GIVEN MATERIAL:
——————
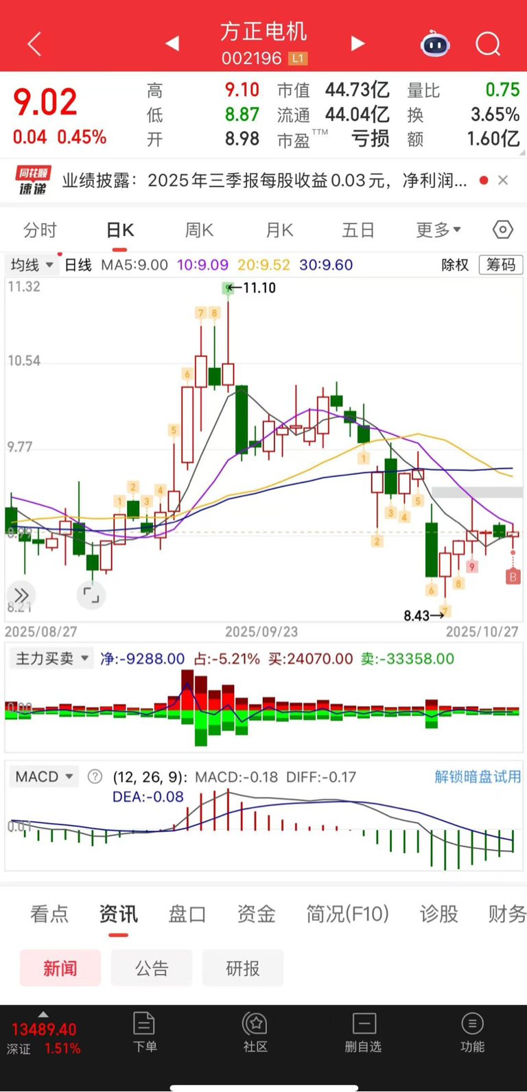 $方正电机(SZ002196)$ 就这一只 你把握了吗?#收盘点评# #实盘记录# #强势机会#
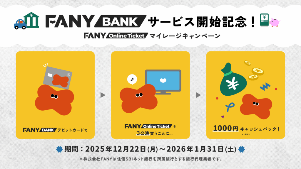 FANY BANKデビットでFANY Online Ticketを3公演買うと1,000円キャッシュバック 期間 2025年12月22日(月) - 2026年1月31日(土) 条件 FANY Online Ticketで … 続きを読む FANY BANKサービス開始記念!FANY Online Ticketマイレージキャンペーン!
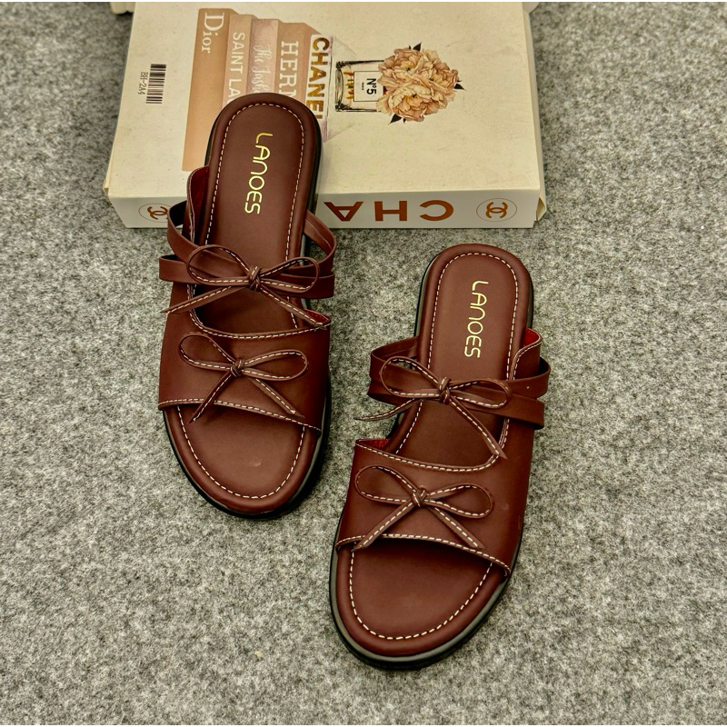 LANOES Sandal Wanita Platform Terbaru Sendal wanita Selop Pita Tali Empuk Viral Kekinian 2025
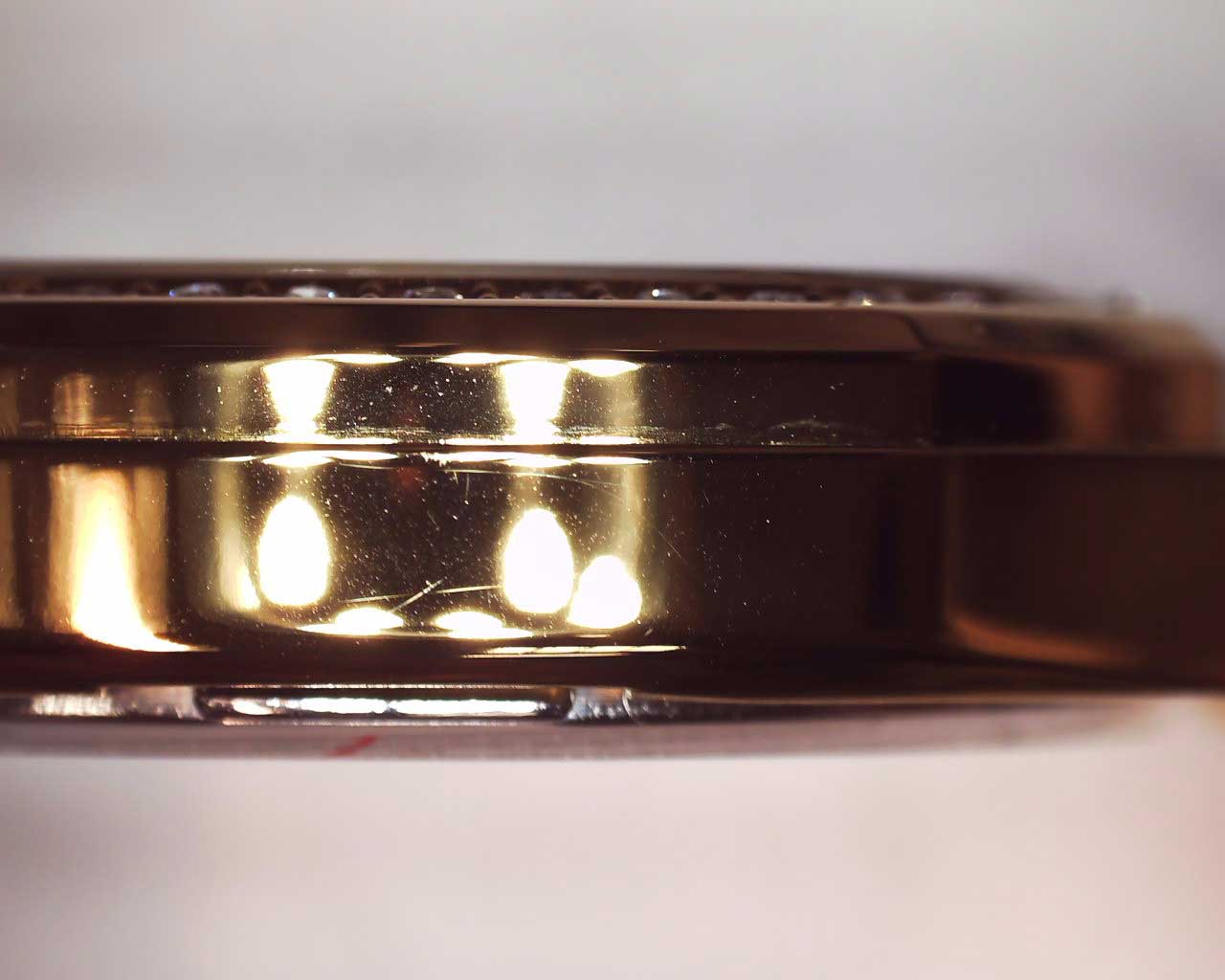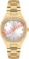 Наручные женские часы в стальном корпусе. Восьмигранный безель украшен паве из сверкающих кристаллов. Циферблат выполнен по технологии Sunray (солнечные лучи) и украшен фирменным логотипом. Накладные метки в виде точек, украшенных кристаллами. Клиновидные стрелки в стиле Dauphine. Гладкая заводная головка. Стальной браслет с полированной отделкой. Раскладывающаяся застежка.
——————
DESCRIPTION OF THE TASK: Reproduce the opening lines of the material above exactly, ending with the line that contains "FANY BANKデビットでFANY Online". Omit every picture.

RESULT:
 $方正电机(SZ002196)$ 就这一只 你把握了吗?#收盘点评# #实盘记录# #强势机会#
 FANY BANKデビットでFANY Online Ticketを3公演買うと1,000円キャッシュバック 期間 2025年12月22日(月) - 2026年1月31日(土) 条件 FANY Online Ticketで … 続きを読む FANY BANKサービス開始記念!FANY Online Ticketマイレージキャンペーン!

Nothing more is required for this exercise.